Using Maxmind’s GeoIP software, we can narrow down the LONG/LAT of an IP address to relative accuracy within 25 miles around 80% of the time.
Now, we don’t want to use any of the other information provided by MaxMind, because there are a lot of discrepancies between feature names, i.e., cities, to perform a look up. We plan on attempting such a look up if other methods fail to locate a feature, but for performance reasons, look ups on floats are much faster than strings.
Now, I’m a little clueless on how we can find the closest matching LAT/LONG given from Maxmind to our database. The problem is, our datbase features has a much higher precision compared to that of Maxmind, therefore a straight comparison might not be effective. If we try applying a ROUND() to the column during query, that will obviously be really slow.

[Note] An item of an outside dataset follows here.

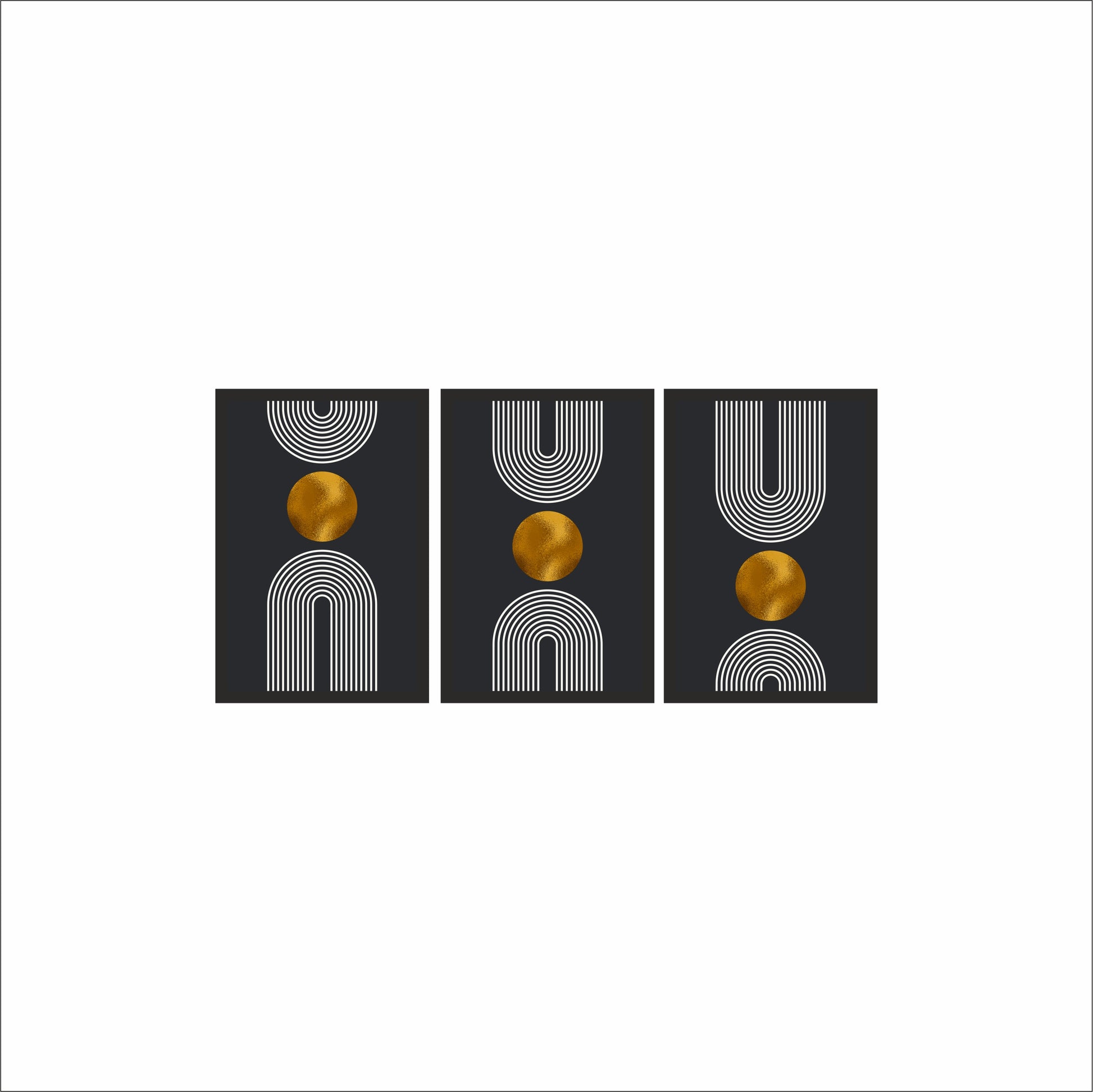Bring sophistication and minimal elegance to your home with the Golden Geometry Wall Frame Set. Featuring sleek white geometric lines and striking golden orbs set against a deep black backdrop, this trio captures the essence of modern luxury and balance. Perfect for those who love clean, contemporary aesthetics.

Given the following data, would the fastest way simply be something like
LONG 79.93213
LAT 39.13111
SELECT `feature_name` FROM `geo_features`
WHERE long BETWEEN 79.93 AND 79.79.94
AND lat BETWEEN 39.13 AND 39.14
Can anyone thing of an elegant solution that will be blazing fast? I know there are some new spatial storage types in MySQL 5, perhaps anyone can provide a solution beyond the blinders I’ve seem to put up on myself.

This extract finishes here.